19 December

What Love Looks Like: Melissa, Georgianna, Juan

by Jon Katz

There are people like me who struggle to find and show love, and people like Melissa, who practically bursts with love, and can life people up in ways I can’t or don’t know how to do.

People like Melissa struggle with life sometimes but are blessed in at least one way: they are doing what they ought to be doing; they love what they do. I had a window into that love today.

It is common during the holidays to come across residents who sit alone and cry. It isn’t that they are unhappy at the Mansion, they say, it’s just that the holidays remind them of what they have lost and will never have again: a life with their families, the chance to cook and serve their loved ones, a life with their animals, in their houses, in their lives.

No facility can replace all that.

Yesterday and this morning, I came across the gregarious and always cheerful Georgianna, she was sitting alone in the corner of the Great Room, and I saw the tears streaming down her face.

“Is this about missing your family around the holidays?” I asked, knowing the answer.
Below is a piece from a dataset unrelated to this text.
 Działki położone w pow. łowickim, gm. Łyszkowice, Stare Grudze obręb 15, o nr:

She said yes. “I’m lucky to be here, ” she said, “but I miss my family so much around Christmas.”

I asked if I could help, but she shook her head, and I knew better than to try to talk her out of it.

Active listening teaches that this is an inadequate response. Because what’s hurting her isn’t going to get better, and she knows it. It would be a lie to say otherwise.
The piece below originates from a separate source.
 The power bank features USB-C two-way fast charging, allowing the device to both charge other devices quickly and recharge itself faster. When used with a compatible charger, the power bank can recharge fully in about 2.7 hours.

Suddenly, Melissa came swooping up to us with her big smile and high energy – we are pretty good friends, the two of us – and wrapped Georgianna in her arms and said, “honey, you have a sad face. Let’s go upstairs. I want to wash your hair, do your nails, put some fresh make-up on.”

This is what I love about these aides. Somebody always notices, somebody always helps.
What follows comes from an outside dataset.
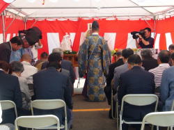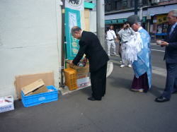 予てより、中土手町商店街では街路整備事業を進めてきましたが、この度、≪統一ひさし並びに歩道照明設置工事≫を行うこととなり、その工事の安全祈願と中土手町の将来の発展を願い、起工式を行いました。 ●日 時 平成21年8月26日(水) 午前10時30分〜 ●場 所 旧奥太履物店前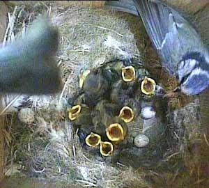 At least this display enables us to see how the chicks are developing. Feathering is growing up their wing pins and you can see here that their eyes are now open. Anyway, I presume that a chick wouldn't wander of its own accord if it couldn't see!

Georgianna lit up; she said she would love that, she erupted into a big broad smile. It would never have occurred to me to suggest that to Georgianna, and she and I talk all the time. Nor would I have known how to do it, or been comfortable doing it.

Mellissa practically carried Georgianna upstairs. When I came back to the Mansion later to drop off some large-sized bras and teach my Meditation Workshop (I’m good at this), Georgianna looked fresh and younger and was her self.

“I feel a lot better,” she said, smiling again. I’m sure she was still sad, but she had found herself. I think we all need to be cared for sometimes.

More than once, I’ve seen Melissa sitting down in front of an unhappy resident – I saw it again this afternoon, and she gets close and looks them in the eye and says “okay, what can I do for you to make this better?”

And she always finds something. She has the most precious heart.

I sat with Melissa at the Christmas Party, and I asked her about her response to Georgianna in the morning.

She says when the female residents are down, they love being cared for, they love having their hair and nails done and getting their faces made up. “It makes them feel alive and loved again,” she said, smiling that huge smile.

This, I thought, is how love works, how a great heart can work miracles.

Melissa never runs from trouble; she rushes to it.  And I know she has been struggling; lately, life with two kids in a big apartment is expensive, and she does not make a lot of money.

So this week, I got to do something for her.

During the first snowstorm we had a month ago, I saw Melissa getting out of her car in a sweatshirt. It was 8 degrees outside.

I asked her if she had a winter coat, and she said no, she didn’t need one. But her son Juan did, she said, he had to walk to school in the morning and had nothing worn to wear. I asked if I could buy him a coat, and she hesitated and then said yes. She couldn’t turn that down.

I knew Melissa was having a rough time – she is an uncomplaining single mother with two children – so I send Juan a winter coat, and he loved it.

I also send both of them winter boots. I kept sending her winter coats I bought at consignment stores and online, but she kept sending them back to me. They didn’t fit, or she didn’t need them, or I had already done enough.

I knew her well enough to know she didn’t want to take advantage of me.

She would accept help for her son, but not for herself. I told her I wasn’t going to quit that I was just as stubborn as she was, but I wasn’t sure.

When I saw a forecast a week or so ago predicting a week of bitter cold and storms, I tried one more time and got a fitting black down coat. Shopping for bargains online, I got a reasonable price for the coat it was on sale, $140, half the price it would have cost on L.L. Bean.

I didn’t hear anything from Melissa, but the day the big weekend storm broke last week, she texted me this photo of her and her son Juan in the middle of the storm, wearing their coats and boots.

Wow, did that feel good.  Nobody could work harder or do more good than Melissa.

She ought to be warm, at least. I send Juan a neat Leggo castle set, which should arrive just after Christmas. That ought to tick her off. Yeah…

Thanks to all of you for giving me the support to do this.